DATASET SECTION:
******************************

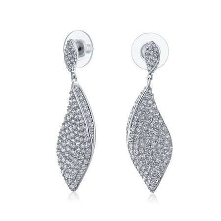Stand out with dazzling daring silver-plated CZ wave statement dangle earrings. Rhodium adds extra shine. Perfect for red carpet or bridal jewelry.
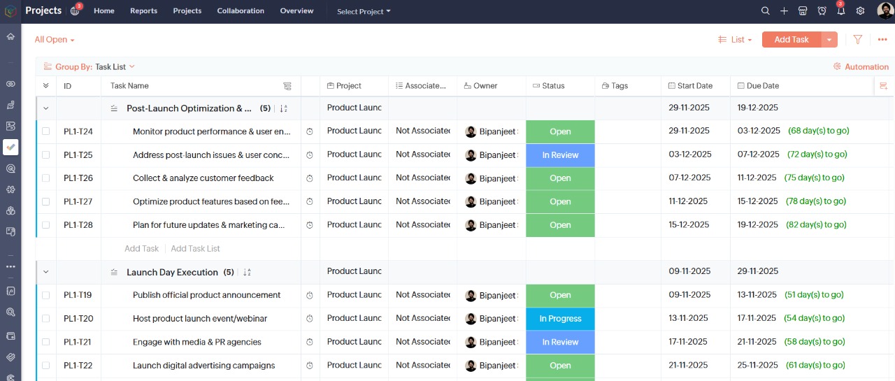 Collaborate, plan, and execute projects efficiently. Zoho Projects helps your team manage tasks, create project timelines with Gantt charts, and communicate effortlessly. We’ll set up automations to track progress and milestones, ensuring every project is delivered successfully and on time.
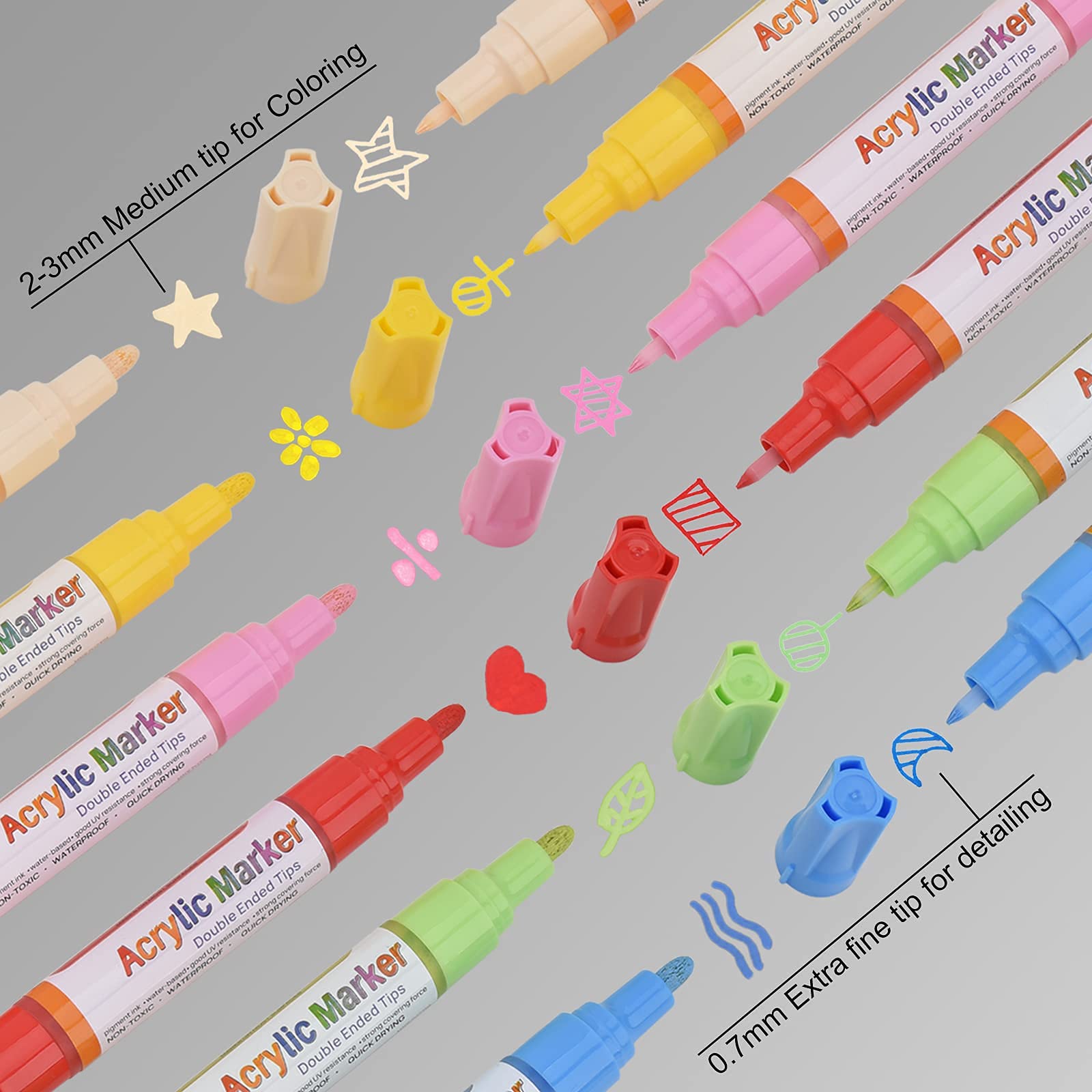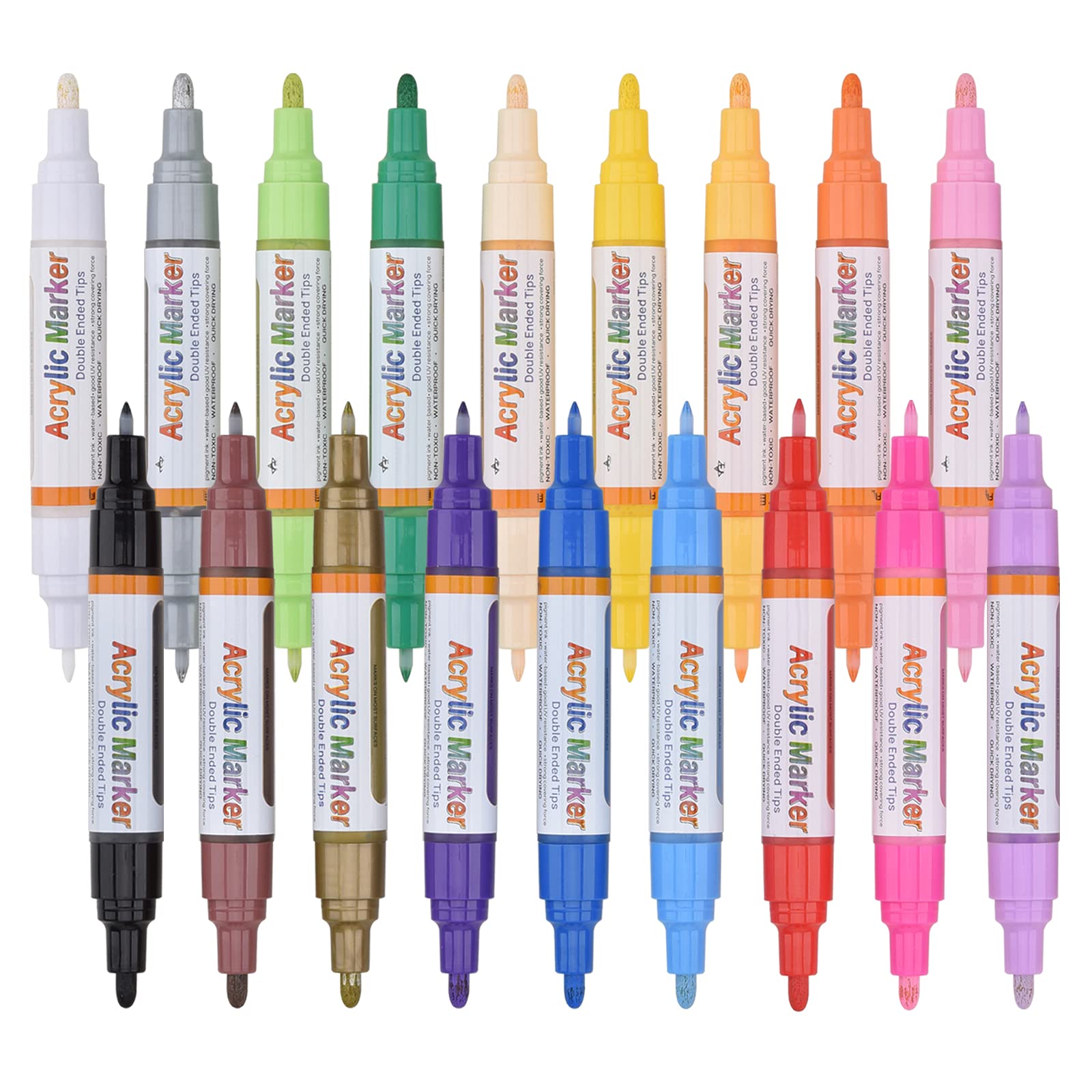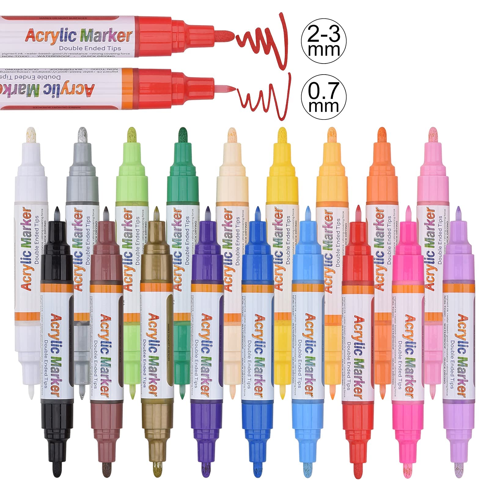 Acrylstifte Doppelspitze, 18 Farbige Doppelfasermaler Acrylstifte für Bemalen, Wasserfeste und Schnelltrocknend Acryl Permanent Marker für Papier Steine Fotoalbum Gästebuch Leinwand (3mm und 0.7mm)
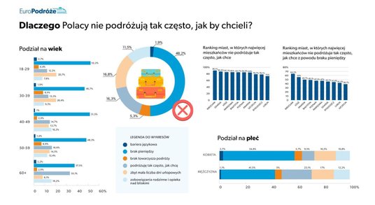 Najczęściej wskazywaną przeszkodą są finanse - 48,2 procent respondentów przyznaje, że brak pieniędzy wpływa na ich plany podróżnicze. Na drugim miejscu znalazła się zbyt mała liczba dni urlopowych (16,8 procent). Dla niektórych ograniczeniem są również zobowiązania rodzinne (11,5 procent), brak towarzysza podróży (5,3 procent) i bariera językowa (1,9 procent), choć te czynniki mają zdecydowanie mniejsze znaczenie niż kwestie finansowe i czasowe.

******************************

ASSIGNMENT:
Without including any picture, write out the material above exactly.

RESULT BELOW:
Stand out with dazzling daring silver-plated CZ wave statement dangle earrings. Rhodium adds extra shine. Perfect for red carpet or bridal jewelry.
 Collaborate, plan, and execute projects efficiently. Zoho Projects helps your team manage tasks, create project timelines with Gantt charts, and communicate effortlessly. We’ll set up automations to track progress and milestones, ensuring every project is delivered successfully and on time.
 Acrylstifte Doppelspitze, 18 Farbige Doppelfasermaler Acrylstifte für Bemalen, Wasserfeste und Schnelltrocknend Acryl Permanent Marker für Papier Steine Fotoalbum Gästebuch Leinwand (3mm und 0.7mm)
 Najczęściej wskazywaną przeszkodą są finanse - 48,2 procent respondentów przyznaje, że brak pieniędzy wpływa na ich plany podróżnicze. Na drugim miejscu znalazła się zbyt mała liczba dni urlopowych (16,8 procent). Dla niektórych ograniczeniem są również zobowiązania rodzinne (11,5 procent), brak towarzysza podróży (5,3 procent) i bariera językowa (1,9 procent), choć te czynniki mają zdecydowanie mniejsze znaczenie niż kwestie finansowe i czasowe.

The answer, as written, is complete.